The album's title was a reference to the musical partnership between Miles Davis and Gil Evans, a cited influence of Michael Head's music.

Professional ratings
Review scores
| Source | Rating |
| AllMusic | Star Half star |

==Track listing==
All songs written by Mick Head except when noted.
1. "Tie Me Down" - 3:33
2. "Butterfly" (John Head) - 4:50
3. "Cup of Tea" - 3:35
4. "Shelley Brown" - 4:25
5. "Black & White" - 5:13
6. "New Day" (John Head) - 3:54
7. "Miles Away" - 5:31
8. "Finn, Sophie, Bobby & Lance" - 4:18
9. "Moonshine" (John Head) - 4:02
10. "Funny Things" - 2:21
11. "Find a Place" (John Head) - 5:47
12. "Closer" - 5:24

==Personnel==
- Shack
- Mick Head - acoustic guitar, vocals
- John Head - electric guitar, vocals
- Peter Wilkinson - bass guitar, vocals
- Iain Templeton - drums, percussion, vocals
with:
- David "Yorkie" Palmer - keyboards, synthesizer, arrangements
- Tim O'Shea - guitar (track 11)
- Simon Wolstonecroft - bass guitar (tracks 1,2,5–7,12)

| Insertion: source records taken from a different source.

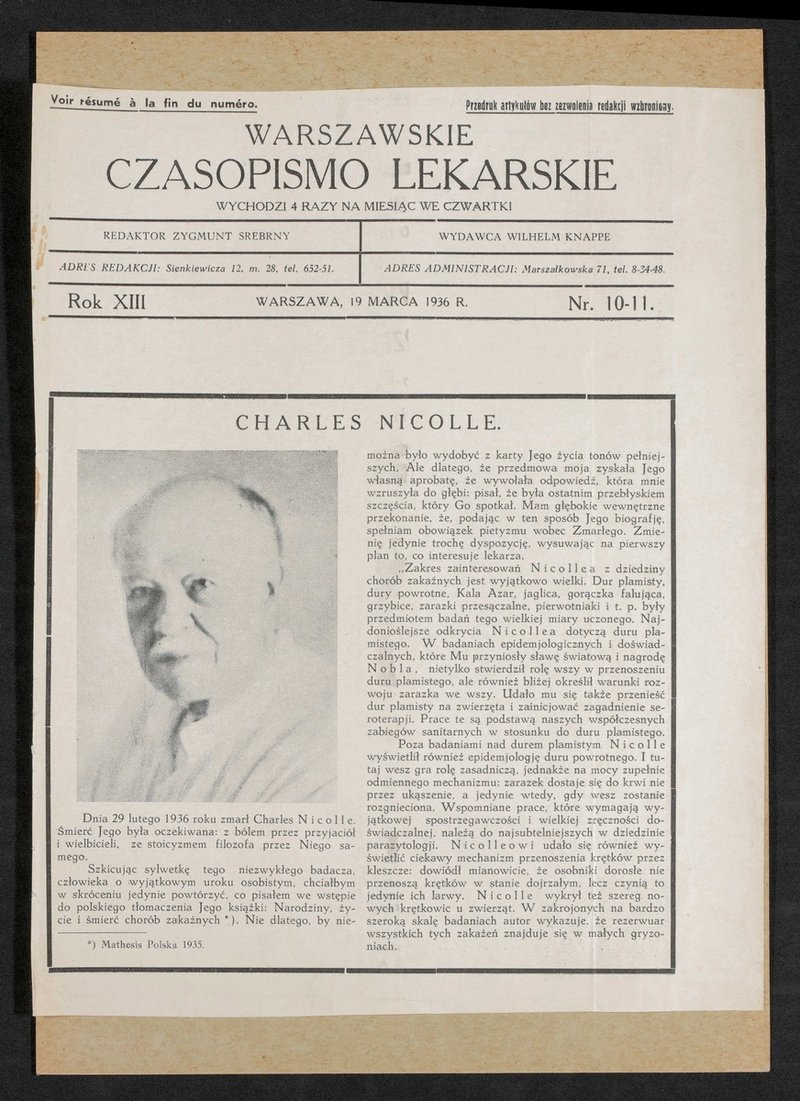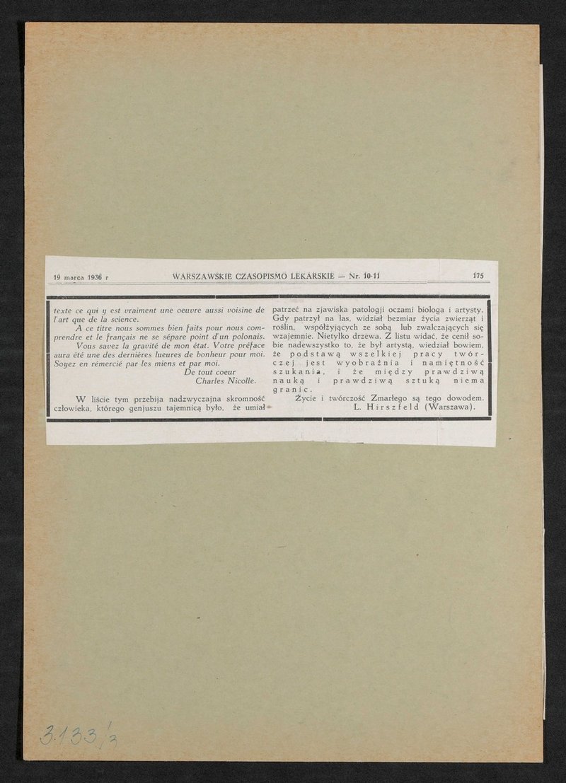 Auszug aus: Warszawskie Czasopismo Lekarskie, Nr. 10-11, 19.03.1936. Der Zeitungsausschnitt ist aus einem Nachruf entnommen, welcher sich auf der Vorderseite und der Rückseite befindet.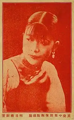 Chinese actress Jiang Naifang (蒋耐芳) from a postcard made while she was making movies (between 1925 and 1932).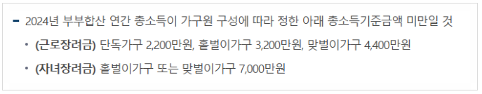 근로장려금 지급액 계산 근로장려금 수급 조건에 딱 부합한다면 가장 궁금한 건, ‘그래서 얼마나 받을 수 있는데?’일 텐데요. 근로장려금 금액은 신청자의 가구 유형과 소득, 재산 금액 등에 따라 다르게 산정돼요. 우선, 가구 유형에 따른 근로장려금 최대 지급 가능액은 다음과 같아요.예를 들면 단독가구 기준 총 소득 기준 금액 2,200만 원 미만 구간이더라도 급여 수준에 따라 근로장려금은 차등 지급 됩니다. 조금 복잡하지만, 구체적인 지원 금액을 알고 싶다면 아래 계산식을 활용해 보시기 바랍니다.[단독가구] 총 급여액 등 400만 원 미만: 총 급여액 등 X 400분의 165 총 급여액 등 400만 원~900만 원 미만: 165만 원 정액 총 급여액 등 900만 원~2,200만 원 미만: 165만 원 – (총 급여액 등 – 900만 원) X 1,100분의 165[홑벌이 가구] 총 급여액 등 700만 원 미만: 총 급여액 등 X 700분의 285 총 급여액 등 700만 원~1,400만 원 미만: 285만 원 정액 총 급여액 등 1,400만 원~3,200만 원 미만: 285만 원 – (총 급여액 등 – 1,400만 원) X 1,600분의 285[맞벌이 가구]총 급여액 등 800만 원 미만: 총 급여액 등 X 800분의 330 총 급여액 등 800만 원~1,700만 원 미만: 330만 원 정액 총 급여액 등 1,700만 원~4,400만 원 미만: 330만 원 – (총 급여액 등 – 1,700만 원) X 1,900분의 330 계산이 어려우신 분이나 조금이나마 정확하게 금액을 확인하시려면 국세청 홈택스 홈페이지에서 모의 계산을 통해 지급액을 계산해보실 수 있습니다. 아래 바로가기 버튼을 통해 빠르게 확인해보세요!! 홈택스 바로가기 장려금 모바일앱 다운로드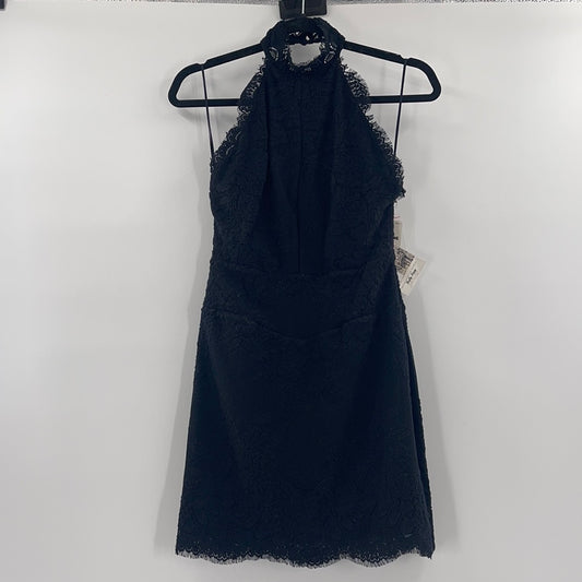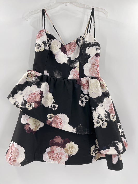 Keepsake - Anthropologie - Black Floral Backless Spaguetti Straps Ruffle Detail Mini Dress (Size L)

- Simon James - tenor and baritone saxophone, flute, recorder (tracks 9,10)
- Andy Frizell - alto and baritone saxophone, alto flute (tracks 9,10)

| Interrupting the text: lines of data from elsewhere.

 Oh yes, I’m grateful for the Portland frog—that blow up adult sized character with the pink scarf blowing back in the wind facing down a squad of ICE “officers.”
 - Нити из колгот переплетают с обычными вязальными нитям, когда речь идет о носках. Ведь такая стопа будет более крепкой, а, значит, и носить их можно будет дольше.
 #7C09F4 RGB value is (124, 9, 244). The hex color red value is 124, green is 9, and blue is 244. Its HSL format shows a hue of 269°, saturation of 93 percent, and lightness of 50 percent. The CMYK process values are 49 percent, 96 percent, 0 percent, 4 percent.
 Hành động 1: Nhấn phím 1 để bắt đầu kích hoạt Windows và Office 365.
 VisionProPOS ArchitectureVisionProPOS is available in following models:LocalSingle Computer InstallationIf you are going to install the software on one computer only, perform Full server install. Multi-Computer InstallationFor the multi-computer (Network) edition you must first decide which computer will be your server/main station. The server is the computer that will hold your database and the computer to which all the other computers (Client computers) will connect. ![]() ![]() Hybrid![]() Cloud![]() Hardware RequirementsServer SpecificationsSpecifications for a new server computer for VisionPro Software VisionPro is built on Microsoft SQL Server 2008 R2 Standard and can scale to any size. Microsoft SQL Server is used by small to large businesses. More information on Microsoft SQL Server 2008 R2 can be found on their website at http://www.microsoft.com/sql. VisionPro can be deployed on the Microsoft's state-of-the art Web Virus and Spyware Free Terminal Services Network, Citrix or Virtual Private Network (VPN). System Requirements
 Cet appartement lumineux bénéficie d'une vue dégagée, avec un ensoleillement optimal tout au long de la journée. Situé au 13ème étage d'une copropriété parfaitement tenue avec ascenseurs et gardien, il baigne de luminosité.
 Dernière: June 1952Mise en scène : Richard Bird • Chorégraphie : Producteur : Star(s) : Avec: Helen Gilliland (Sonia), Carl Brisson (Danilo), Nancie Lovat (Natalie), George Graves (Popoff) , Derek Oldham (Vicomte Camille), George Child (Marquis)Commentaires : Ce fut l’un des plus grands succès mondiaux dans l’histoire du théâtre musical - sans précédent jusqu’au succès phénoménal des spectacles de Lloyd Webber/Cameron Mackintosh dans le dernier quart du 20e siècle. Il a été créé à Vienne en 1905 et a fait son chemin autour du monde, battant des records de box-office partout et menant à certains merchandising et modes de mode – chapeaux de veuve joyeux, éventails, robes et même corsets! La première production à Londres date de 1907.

- Gillian Bould - trombone (tracks 1,2,5–7,12)
- Alan Bould - horn (tracks 1,2,5–7,12)
- Barry Taylor - euphonium (tracks 1,2,5–7,12)
- Alex Marks, Celia Goodwin - violin (tracks 1,4,5,7,11,12)
- John Robert Shepley - viola (tracks 1,4,5,7,11,12)
- Gethyn Jones - cello (tracks 1,4,5,7,11,12)
- Alan Rimmer, John O'Hare - cornet (tracks 1,2,5–7,12)
- Joanna Head - backing vocals (track 4)
- The Light Fantastic String Quartet - strings (tracks 1,4,5,7,11,12)
- The Tartleton & District Brass Band - brass (tracks 1,2,5–7,12)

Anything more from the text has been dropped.